Climate Change is expected to bring more frequent and intense storms and heat waves. Because we can expect this, we can also take steps to adapt and reduce the worst consequences on ourselves, our families, and our investments. If we do, the impact of climate change on our local economy could also shift due to our own actions to adapt. How much can we influence that economic impact? EPIC Scholar Esteban Rossi-Hansberg, the Glen A. Lloyd Distinguished Service Professor, and his co-author answer this question by modeling the effect of climate change on worker migration and investment decisions.

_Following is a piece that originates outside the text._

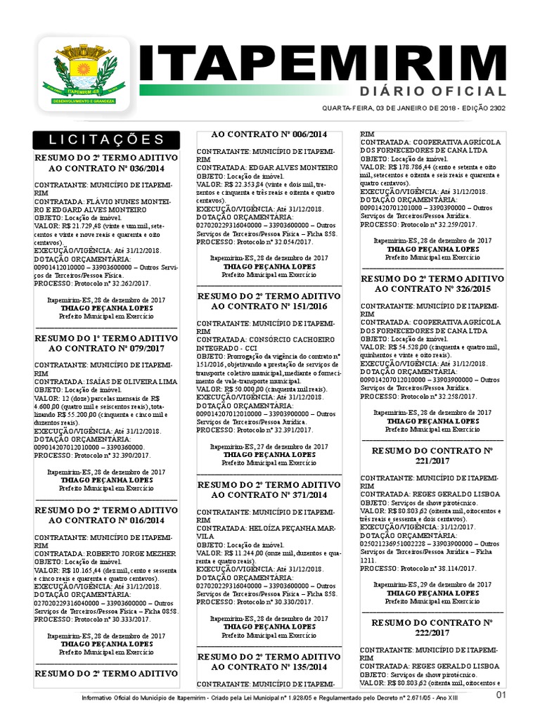 QUARTA-FEIRA, 03 DE JANEIRO DE 2018 - EDIÇÃO 2302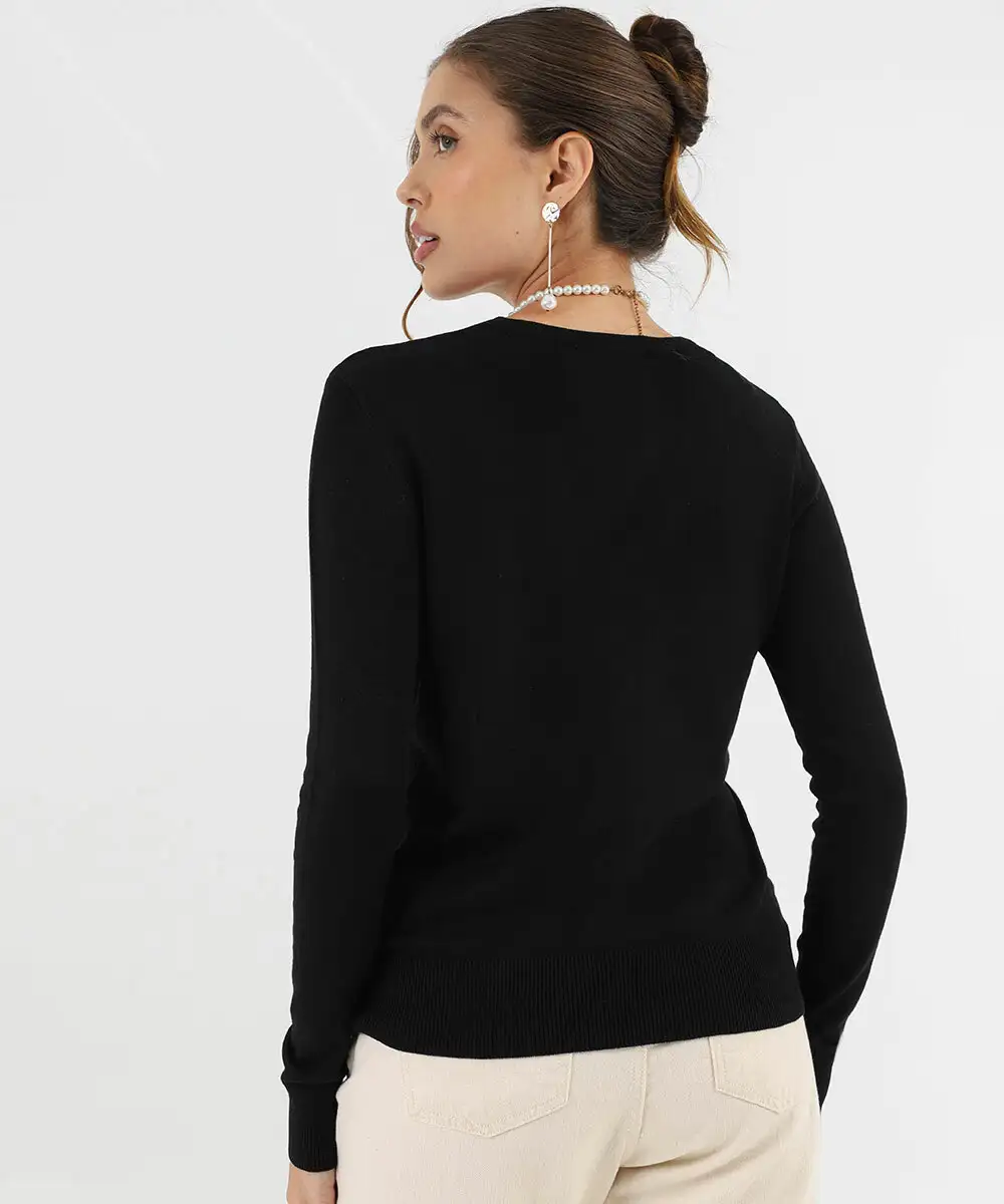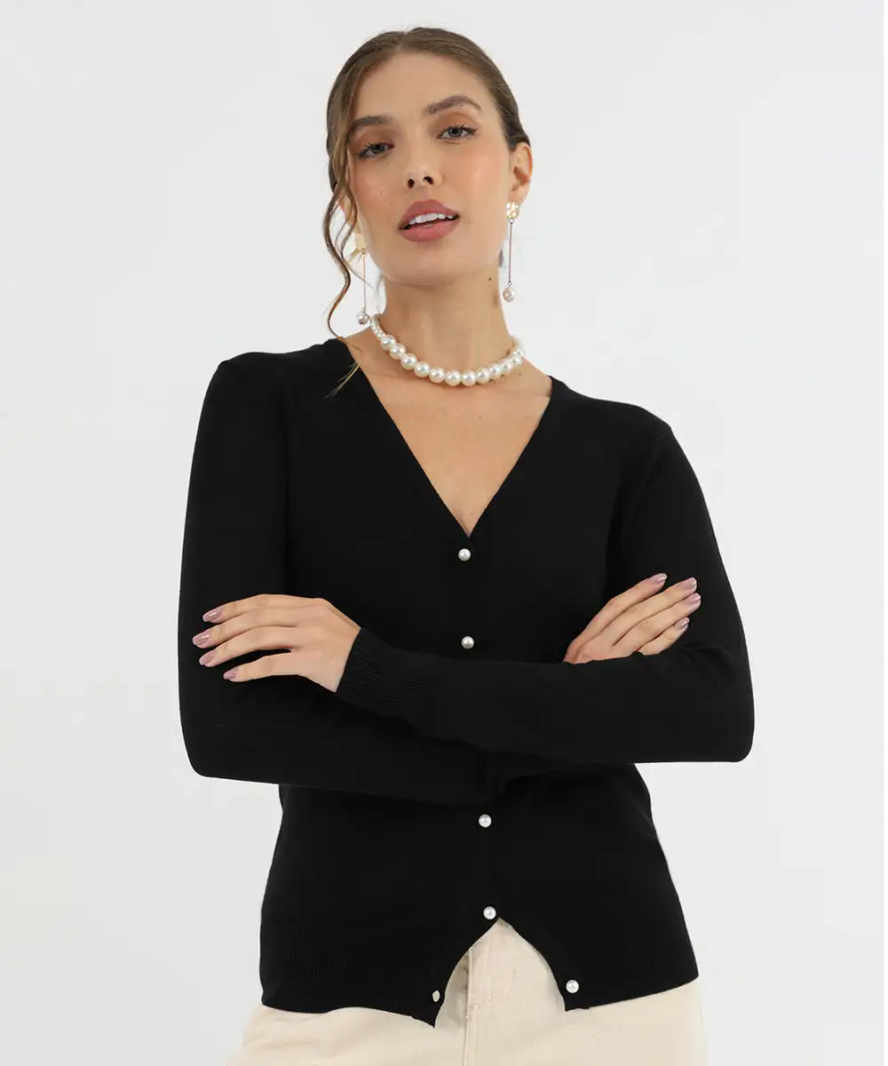 Cardigan Feminino Botões Pérolas Sintéticas Marisa Preto

The researchers use data since 2000 at the county level and estimate the response from heat waves and storms on population, income per capita, and investments. They find that by 2023, workers’ could already expect average welfare losses of about 5 percent because of storms and heatwaves–with losses larger than 11 percent expected by 2100, implying an ongoing loss of more than $3,000 in consumption per year from 2023 onwards. Residents of certain areas lose much more. In coastal Louisiana, climate change reduces the consumption of workers by more than $9,000 per year, and home and business owners that hold capital lose in excess of $15,000 per year.
The local economic impacts from climate change, however, can shift depending on whether workers and investors anticipate losses and make changes such as moving or not investing in areas predicted to be hard hit. If the impacts of climate change are anticipated, counties that are heavily exposed to extreme heat and storms in the South-East would lose more than half of their population by 2100. For example, coastal counties in Florida lose most of their population, and the state as a whole loses 46 percent of its residents. By people leaving, the value of capital in what are expected to be hard-hit areas also decreases—hurting the economy in these heavily exposed areas. But the workers who leave and the regions they move to would benefit from these shifts—balancing out the economic impacts of climate change nationally.
Conversely, if residents of hard-hit areas did not anticipate climate change impacts, they would suffer the most because they failed to migrate or shift investments away from these areas. For example, without anticipation, the decline in population in parts of Florida is 15 percentage points lower by 2050. Consistently, people that stay face larger losses. In parts of Florida, Louisiana, South Carolina, and Texas the welfare implications for workers are more than 1.5 percentage points larger by 2050, which amounts to an additional loss of roughly $400 per year.